Programmer Musings: Unintuitive Multithreading: Troubleshooting

This site will look much better in a browser that supports web standards, but is accessible to any browser or Internet device.

October 23, 2005

Unintuitive Multithreading: Troubleshooting

In the previous four articles in my Unintuitive Multithreading series, I focused mostly on design of a multithreaded application. This time, I plan to cover a few techniques that I have found helpful in troubleshooting multithreaded applications.

To some extent, the normal techniques you have used for troubleshooting will work in a multithreaded program. But, some of the problems in a multihreaded program will defy your normal tactics. A large fraction of these problems will turn out to be race conditions. By their nature, race conditions are hard to duplicate and are not easy to reason about. There are a set of models that I have found that sometimes shed light on these kinds of problems. These models are:

Lock Step
Leap Frog
Simultaneous Execution
Instruction Interruption

Each of these approaches helps you to visualize ways in which threads may interact to cause you problems.

Lock Step

The Lock Step model is fairly simple. Pick two threads that might interact and
mentally execute them one statement at a time, thread A, then thread B, then A,
then B... Some of the most classic race conditions are instantly identifiable
with this technique. For example, in trying to avoid the cost of a mutex, some programmers new to multithreading will try something like this.

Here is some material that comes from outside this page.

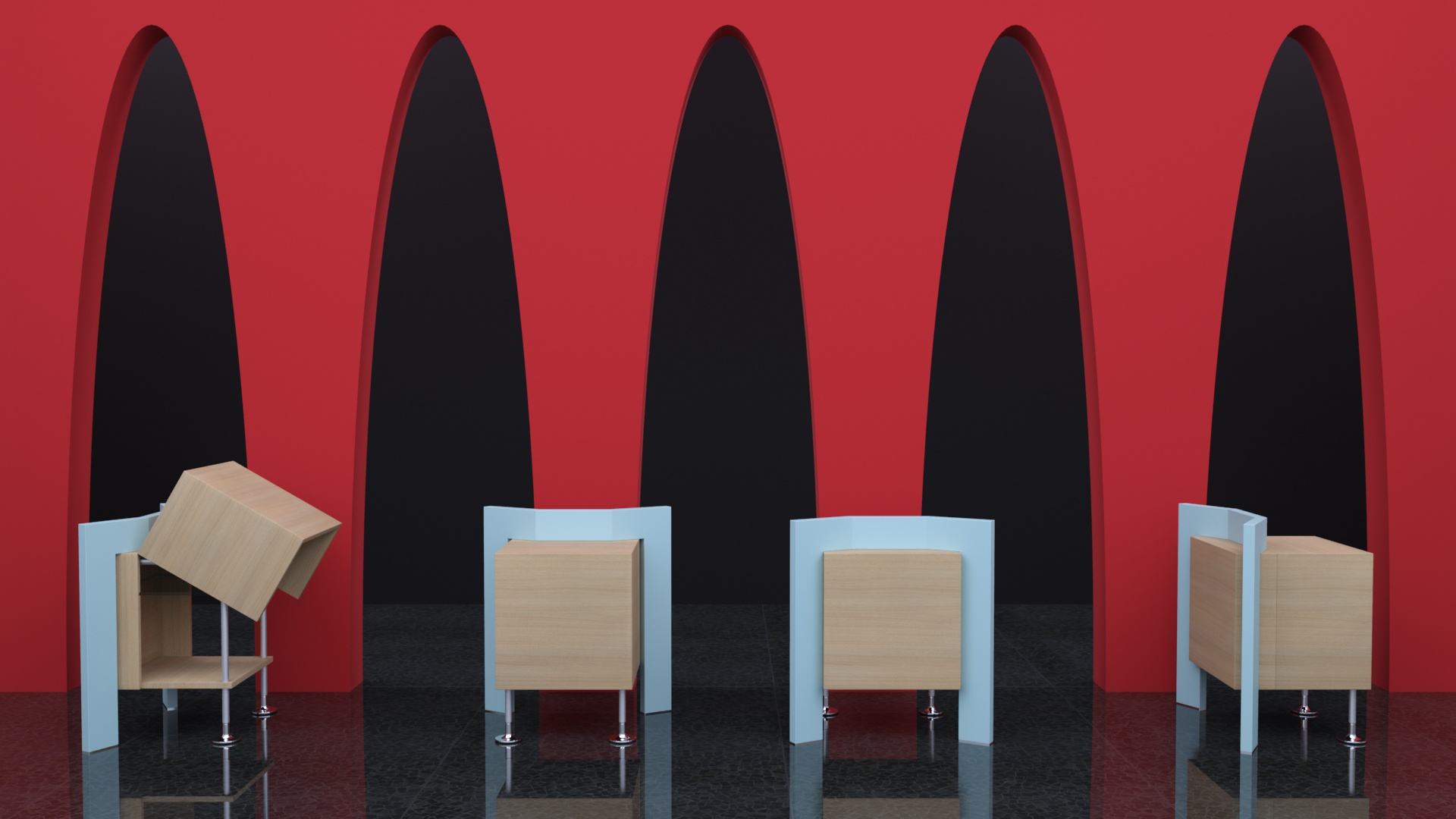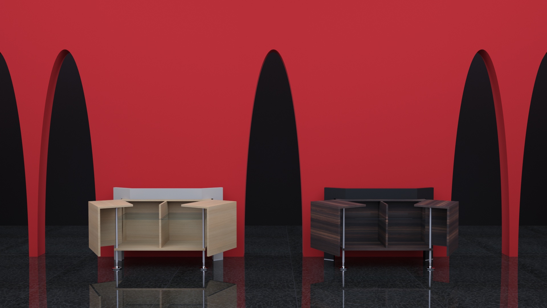 Le Cubo est une déclinaison du Cubo Smouth : le single est un meuble d'appoint de salon avec un cube en bois, qui se transforme en capot, quand il est ouvert.

  static bool locked = false;



  while(locked) ; // wait on the lock



  locked = true;

  do_critical();

  locked = false;

The lock step scenario shows the fallacy here immediately.

Thread A executes the while.
Thread B executes the while.
Thread A sets locked to true.
Thread B sets locked to true.
Thread A executes the do_critical().
Thread B executes the do_critical().
Thread A sets locked to false.
Thread B sets locked to false.

Without an understanding of multithreading, a junior programmer might convince himself that the code would work. And it will. Most of the time. Since it has to work all of the time, we have a problem.

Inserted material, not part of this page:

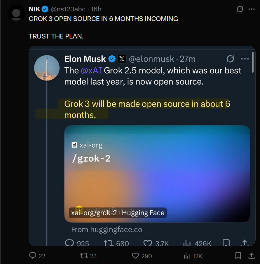 >>1330518 Маск молодец на самом деле, что выпустил (дарио пидорас никогда такого не сделает). Грок 2, кстати, если бы не лупился, был бы отличным середнячком в свое время. Еблю он писал посочнее многих сеток.
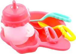 Schnuller, Fläschchen, Tellerchen und Löffel bieten alles zum Füttern und Beruhigen des Babys. Einfach auspacken und losspielen.

Let's take this example a little farther. Say our junior programmer decides to get a bit more clever.



  static int locked = 0;



  while(locked++) // wait on the lock

      --locked;



  do_critical();

  locked = 0;

  non_critical();

This won't fall to the lock step model from before, but it will cause problems if we lockstep with an offset.

Thread A executes the do_critical().
Thread B executes the while(locked++).
Thread A sets locked to 0.
Thread B decrements locked to -1.
Thread A executes the non_critical().
Thread B executes the while(locked++) and continues to be locked out.

Walking through the code in lock step with a couple of threads can point out subtle timing issues in your MT code. The threads don't have to be executing the same code for this approach to work. There can be an offset as in the second example, or the threads could be executing completely separate pieces of code.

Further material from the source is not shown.